Operator of the Week – Spools, Eager Spool

For the fifth part of Fabiano's mission to describe the major Showplan Operators used by SQL Server's Query Optimiser, he introduces the spool operators and particularly the Eager Spool, explains blocking and non-blocking and then describes how the Halloween Problem is avoided.

Spool Operators

1034-Spool1.JPG
Eager Spool

1034-Spool2.JPG
Lazy Spool

1034-Spool3.JPG
Row Count Spool

1034-Spool4.JPG
Table Spool

1034-Spool5.JPG
Non-Clustered Index Spool

This week we’ll be featuring the Spool showplan operator. There are five types of Spool operations, each with its own behavior, and idiosyncrasies, but they all share in common the way that they save their intermediate query results on the TempDB database, and use this temporary area to search a value.

There are many tricks that Query Optimizer uses to avoid any logical problems and to perform queries better: The spool operators are a good example of this. This month, we’ll see all these types of Spool operations, one by each week.

A spool reads the data and saves it on TempDB. This process is used whenever the Optimiser knows that the density of the column is high and the intermediate result is very complex to calculate. If this is the case, SQL makes the computation once, and stores the result in the temporary space so it can search it later.

The spool operators are always used together with another operator. As it stores values, it needs to know what these values are, and so it must receive them from another operator. For instance, one spool can be used together with a clustered index scan in order to save the rows read by the scan. These rows can then be read back to an update, or a select operator.

A quite simple graphic representation about what I said above could be the following picture:

1034-Spool6.JPG

In the example represented by these icons above, the order of execution is: Clustered Index Scan sends rows to Spool and the Select reads all of these rows directly from the Spool.

Eager Spool

We’ll start with the Eager Spool Operator. The role of the Eager Spool is to catch all the rows received from another operator and store these rows in TempDB. The word “eager”  means that the operator will read ALL rows from the previously operator at one time. In other words, it will take the entire input, storing each row received.

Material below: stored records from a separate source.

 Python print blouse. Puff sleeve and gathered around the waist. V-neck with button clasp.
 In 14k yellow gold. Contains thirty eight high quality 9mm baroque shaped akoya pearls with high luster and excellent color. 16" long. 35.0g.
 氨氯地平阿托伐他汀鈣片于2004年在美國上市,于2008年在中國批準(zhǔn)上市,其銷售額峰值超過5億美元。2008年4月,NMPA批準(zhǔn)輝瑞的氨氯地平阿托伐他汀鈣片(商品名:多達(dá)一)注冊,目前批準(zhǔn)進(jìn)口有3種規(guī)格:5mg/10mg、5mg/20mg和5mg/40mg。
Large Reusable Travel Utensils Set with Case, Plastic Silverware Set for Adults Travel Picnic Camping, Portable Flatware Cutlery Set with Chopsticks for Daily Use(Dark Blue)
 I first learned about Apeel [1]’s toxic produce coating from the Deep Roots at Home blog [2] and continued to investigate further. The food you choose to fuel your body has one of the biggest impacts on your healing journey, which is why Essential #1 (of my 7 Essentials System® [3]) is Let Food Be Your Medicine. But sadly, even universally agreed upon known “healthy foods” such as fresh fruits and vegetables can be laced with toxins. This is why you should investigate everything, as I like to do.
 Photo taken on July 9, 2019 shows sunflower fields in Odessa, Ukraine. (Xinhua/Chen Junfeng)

In our simple sample (SCAN -> EAGER SPOOL -> SELECT) the eager will works like this: When the scanned rows are passed to Spool then it gets all the rows,  not one row at the time you’ll notice but the entire scan, and keeps them in a hidden temporary table.

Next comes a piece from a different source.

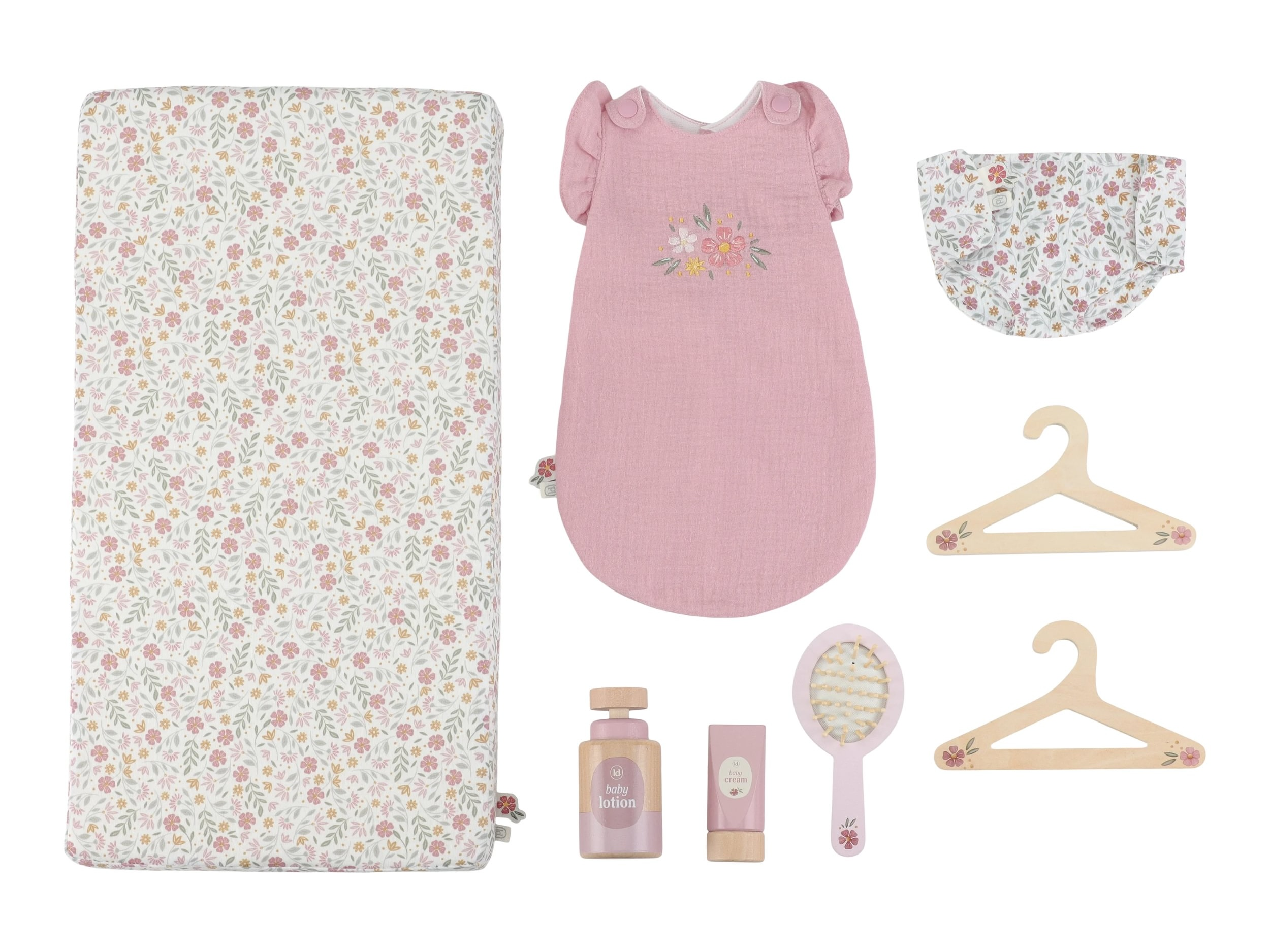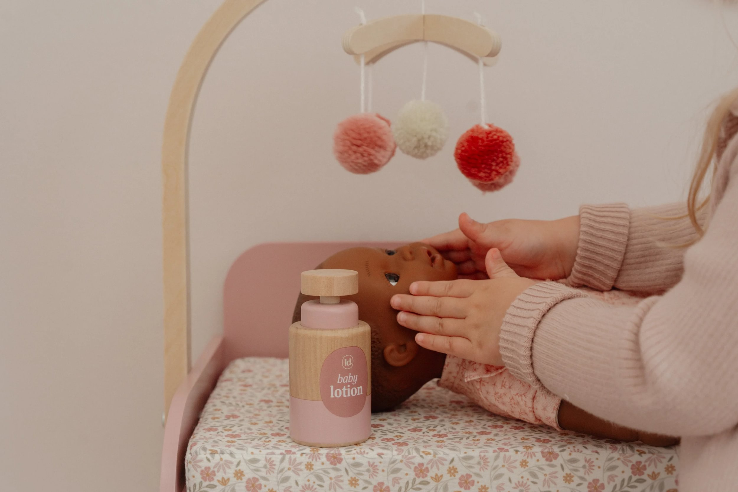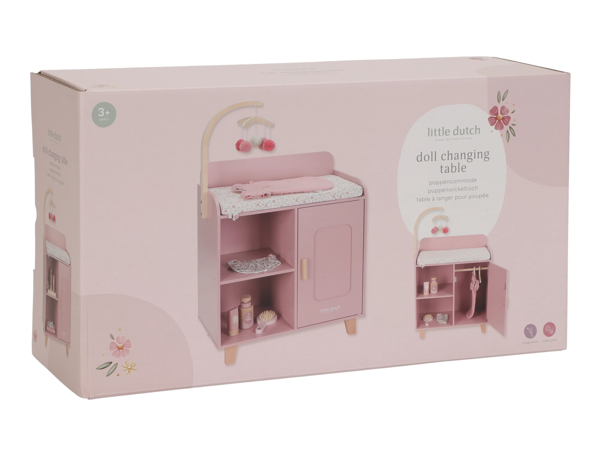 Elegantný prebaľovací pult Little Dutch umožňuje deťom napodobňovať každodennú starostlivosť o bábätko a starať sa o bábiky rovnako, ako sa mamička či otec starajú o svoje bábätko. Súčasťou balenia je mäkká prebaľovacia podložka s romantickou kvetinovou potlačou, závesný kolotoč, spací vak, textilná plienka, dve ramienka a drevené doplnky pre starostlivosť o bábiku. Praktická skrinka a poličky v spodnej časti prebaľovacieho pultu umožňujú mať všetko potrebné pre starostlivosť o bábiku vždy po ruke a upratané.

Knowing that, we could say that The Eager Spool is a blocking operator. I believe that I haven’t yet written about the difference between blocking operators and non-blocking operators. Let’s open a big parenthesis here.

There are two categories of showplan operators: The “non-blocking” operators and the “blocking” operators or “stop-and-go”:

  • Non-blocking operators are those that read one row from their input and return the output for each read row. In the method known as GetRow(), the operator executes its function and returns the row to the next operator as soon as the first row has been read.

    The “nested loop” operator is a good example of this ‘non-blocking’ behavior: When the first row is read; SQL needs to perform a Join with the outer table, if the outer table joins with the inner table than a row is returned. This process repeats until the end of the table. To each received row, SQL tries to join the rows and return the required values.

  • A blocking operator needs to read all the rows from its input to perform some action and then return the data. A classic sample of a blocking operator is the Sort operator, it needs to read all rows, sort the data and then return the ordered rows. The execution of the query will wait until all rows to be read and ordered, before continuing with the command.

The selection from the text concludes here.